Transform, Contrast and Tell: Coherent Entity-Aware Multi-Image Captioning

Coherent entity-aware multi-image captioning aims to generate coherent captions for neighboring images in a news document. There are coherence relationships among neighboring images because they often describe same entities or events. These relationships are important for entity-aware multi-image captioning, but are neglected in entity-aware single-image captioning. Most existing work focuses on single-image captioning, while multi-image captioning has not been explored before. Hence, this paper proposes a coherent entity-aware multi-image captioning model by making use of coherence relationships. The model consists of a Transformer-based caption generation model and two types of contrastive learning-based coherence mechanisms. The generation model generates the caption by paying attention to the image and the accompanying text. The caption-caption coherence mechanism aims to render entities in the caption of the image be also in captions of neighboring images. The caption-image-text coherence mechanism aims to render entities in the caption of the image be also in the accompanying text. To evaluate coherence between captions, two coherence evaluation metrics are proposed. The new dataset DM800K is constructed that has more images per document than two existing datasets GoodNews and NYT800K, and is more suitable for multi-image captioning. Experiments on three datasets show the proposed captioning model outperforms 7 baselines according to BLUE, Rouge, METEOR, and entity precision and recall scores. Experiments also show that the generated captions are more coherent than that of baselines according to caption entity scores, caption Rouge scores, the two proposed coherence evaluation metrics, and human evaluations.

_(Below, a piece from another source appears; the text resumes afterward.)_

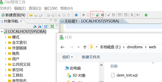 如果是在DM管理工具中,可以点击执行脚本按钮,执行dem_init.sql,无需设置编码。

翻译：一致性的实体感知多图像描述生成旨在为新闻文档中相邻图像生成连贯的描述。相邻图像之间存在连贯关系，因为它们通常描述相同的实体或事件。这些关系对实体感知的多图像描述至关重要，但在实体感知的单图像描述中却被忽略。现有研究主要关注单图像描述，而多图像描述此前尚未被探索。因此，本文利用连贯关系提出了一种一致性的实体感知多图像描述模型。该模型包含一个基于Transformer的描述生成模型和两种基于对比学习的连贯性机制。生成模型通过关注图像和伴随文本来生成描述。描述-描述连贯性机制旨在使图像描述中的实体也出现在相邻图像的描述中。描述-图像-文本连贯性机制旨在使图像描述中的实体也出现在伴随文本中。为评估描述之间的连贯性，提出了两种连贯性评估指标。构建了新数据集DM800K，其每篇文档包含的图像多于现有数据集GoodNews和NYT800K，更适合多图像描述。在三个数据集上的实验表明，所提出的描述模型在BLUE、Rouge、METEOR以及实体精确率和召回率指标上优于7个基线模型。实验还表明，根据描述实体分数、描述Rouge分数、所提出的两种连贯性评估指标以及人工评估，生成的描述比基线模型更连贯。